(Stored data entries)
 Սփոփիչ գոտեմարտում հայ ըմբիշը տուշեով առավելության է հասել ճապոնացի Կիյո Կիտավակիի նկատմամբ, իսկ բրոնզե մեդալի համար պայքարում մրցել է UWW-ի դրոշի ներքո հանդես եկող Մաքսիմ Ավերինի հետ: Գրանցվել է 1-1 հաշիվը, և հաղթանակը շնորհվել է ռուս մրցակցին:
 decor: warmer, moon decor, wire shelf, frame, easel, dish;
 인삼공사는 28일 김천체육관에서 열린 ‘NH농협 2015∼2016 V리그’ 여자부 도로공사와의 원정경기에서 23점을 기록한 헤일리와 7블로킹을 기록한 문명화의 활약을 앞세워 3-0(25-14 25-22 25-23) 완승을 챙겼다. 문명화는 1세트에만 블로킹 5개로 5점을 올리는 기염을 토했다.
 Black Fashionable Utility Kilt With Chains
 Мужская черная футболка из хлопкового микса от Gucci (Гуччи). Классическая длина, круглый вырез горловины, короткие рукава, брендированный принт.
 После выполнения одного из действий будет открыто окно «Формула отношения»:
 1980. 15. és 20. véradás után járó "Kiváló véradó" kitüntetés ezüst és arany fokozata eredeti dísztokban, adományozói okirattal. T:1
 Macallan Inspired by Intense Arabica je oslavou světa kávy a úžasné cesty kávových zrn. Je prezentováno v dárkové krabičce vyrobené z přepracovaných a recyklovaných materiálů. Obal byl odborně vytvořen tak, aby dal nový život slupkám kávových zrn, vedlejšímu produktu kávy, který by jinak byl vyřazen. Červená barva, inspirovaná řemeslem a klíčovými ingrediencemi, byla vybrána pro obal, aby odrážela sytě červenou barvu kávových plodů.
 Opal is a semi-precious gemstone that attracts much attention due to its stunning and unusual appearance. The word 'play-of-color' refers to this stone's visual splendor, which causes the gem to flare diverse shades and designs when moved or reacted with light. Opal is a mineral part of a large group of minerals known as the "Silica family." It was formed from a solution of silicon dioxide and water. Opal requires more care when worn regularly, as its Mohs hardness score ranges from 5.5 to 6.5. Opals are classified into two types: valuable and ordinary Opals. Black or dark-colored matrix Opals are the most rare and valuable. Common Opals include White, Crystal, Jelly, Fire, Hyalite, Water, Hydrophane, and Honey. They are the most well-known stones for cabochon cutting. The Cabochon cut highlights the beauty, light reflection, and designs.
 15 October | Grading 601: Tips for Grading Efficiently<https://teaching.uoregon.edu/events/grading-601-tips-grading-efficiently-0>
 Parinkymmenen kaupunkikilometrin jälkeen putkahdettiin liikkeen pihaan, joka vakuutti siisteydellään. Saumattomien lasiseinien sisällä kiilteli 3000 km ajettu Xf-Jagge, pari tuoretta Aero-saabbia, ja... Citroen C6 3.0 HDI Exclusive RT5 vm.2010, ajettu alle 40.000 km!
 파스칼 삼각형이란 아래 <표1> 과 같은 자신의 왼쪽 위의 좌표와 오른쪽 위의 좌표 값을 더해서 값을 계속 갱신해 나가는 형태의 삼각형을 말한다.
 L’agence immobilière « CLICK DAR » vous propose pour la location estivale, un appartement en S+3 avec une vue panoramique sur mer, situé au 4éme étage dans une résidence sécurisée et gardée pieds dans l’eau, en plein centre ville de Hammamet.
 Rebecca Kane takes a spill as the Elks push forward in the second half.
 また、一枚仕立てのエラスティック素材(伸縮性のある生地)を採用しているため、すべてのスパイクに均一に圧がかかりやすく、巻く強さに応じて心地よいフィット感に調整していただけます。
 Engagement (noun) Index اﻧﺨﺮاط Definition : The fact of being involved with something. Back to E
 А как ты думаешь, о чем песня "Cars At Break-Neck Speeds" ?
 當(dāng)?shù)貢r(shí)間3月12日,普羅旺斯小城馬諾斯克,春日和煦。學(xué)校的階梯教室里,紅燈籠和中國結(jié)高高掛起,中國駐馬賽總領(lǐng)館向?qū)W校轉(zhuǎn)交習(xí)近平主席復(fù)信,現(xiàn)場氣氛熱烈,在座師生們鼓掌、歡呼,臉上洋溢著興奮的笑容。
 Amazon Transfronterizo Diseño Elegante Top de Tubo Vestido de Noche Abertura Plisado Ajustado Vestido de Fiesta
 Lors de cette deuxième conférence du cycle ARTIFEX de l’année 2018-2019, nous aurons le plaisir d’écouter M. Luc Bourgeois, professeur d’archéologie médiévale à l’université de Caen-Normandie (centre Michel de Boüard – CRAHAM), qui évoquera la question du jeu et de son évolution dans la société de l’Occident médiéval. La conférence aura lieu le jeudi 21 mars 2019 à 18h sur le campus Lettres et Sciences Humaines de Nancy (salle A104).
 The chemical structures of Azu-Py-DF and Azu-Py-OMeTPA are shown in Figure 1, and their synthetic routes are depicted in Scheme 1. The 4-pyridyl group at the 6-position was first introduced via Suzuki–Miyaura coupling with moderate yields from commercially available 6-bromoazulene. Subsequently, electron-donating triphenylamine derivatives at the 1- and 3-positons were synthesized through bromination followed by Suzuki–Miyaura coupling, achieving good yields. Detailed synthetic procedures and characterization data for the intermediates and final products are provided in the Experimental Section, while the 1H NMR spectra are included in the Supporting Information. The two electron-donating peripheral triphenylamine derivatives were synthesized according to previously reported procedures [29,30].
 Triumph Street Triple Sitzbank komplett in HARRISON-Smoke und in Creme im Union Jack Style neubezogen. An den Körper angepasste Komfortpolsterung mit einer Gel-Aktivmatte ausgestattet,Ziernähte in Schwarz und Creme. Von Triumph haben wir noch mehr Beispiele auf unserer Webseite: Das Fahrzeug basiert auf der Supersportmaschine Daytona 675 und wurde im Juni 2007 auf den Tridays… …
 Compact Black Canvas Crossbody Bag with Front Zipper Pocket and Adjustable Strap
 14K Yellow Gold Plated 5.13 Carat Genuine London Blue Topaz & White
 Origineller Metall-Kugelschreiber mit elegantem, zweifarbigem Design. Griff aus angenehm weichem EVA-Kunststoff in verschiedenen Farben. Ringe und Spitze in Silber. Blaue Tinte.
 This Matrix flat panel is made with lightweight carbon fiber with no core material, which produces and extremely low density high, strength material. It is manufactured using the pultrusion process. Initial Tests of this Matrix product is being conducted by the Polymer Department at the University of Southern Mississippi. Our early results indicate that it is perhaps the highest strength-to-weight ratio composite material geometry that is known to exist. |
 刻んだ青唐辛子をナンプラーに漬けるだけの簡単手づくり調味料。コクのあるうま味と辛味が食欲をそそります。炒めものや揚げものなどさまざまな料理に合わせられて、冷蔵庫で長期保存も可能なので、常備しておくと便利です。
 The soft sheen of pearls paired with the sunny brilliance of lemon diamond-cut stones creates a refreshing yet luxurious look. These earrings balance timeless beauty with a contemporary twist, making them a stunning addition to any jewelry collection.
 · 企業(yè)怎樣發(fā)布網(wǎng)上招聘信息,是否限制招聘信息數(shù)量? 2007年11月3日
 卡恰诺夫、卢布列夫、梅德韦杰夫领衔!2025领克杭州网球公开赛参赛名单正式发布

● REQUIRED WORK
If a line in the records above holds the string "centre", copy it.

● SOLUTION TO THIS EXERCISE
 L’agence immobilière « CLICK DAR » vous propose pour la location estivale, un appartement en S+3 avec une vue panoramique sur mer, situé au 4éme étage dans une résidence sécurisée et gardée pieds dans l’eau, en plein centre ville de Hammamet.
 Lors de cette deuxième conférence du cycle ARTIFEX de l’année 2018-2019, nous aurons le plaisir d’écouter M. Luc Bourgeois, professeur d’archéologie médiévale à l’université de Caen-Normandie (centre Michel de Boüard – CRAHAM), qui évoquera la question du jeu et de son évolution dans la société de l’Occident médiéval. La conférence aura lieu le jeudi 21 mars 2019 à 18h sur le campus Lettres et Sciences Humaines de Nancy (salle A104).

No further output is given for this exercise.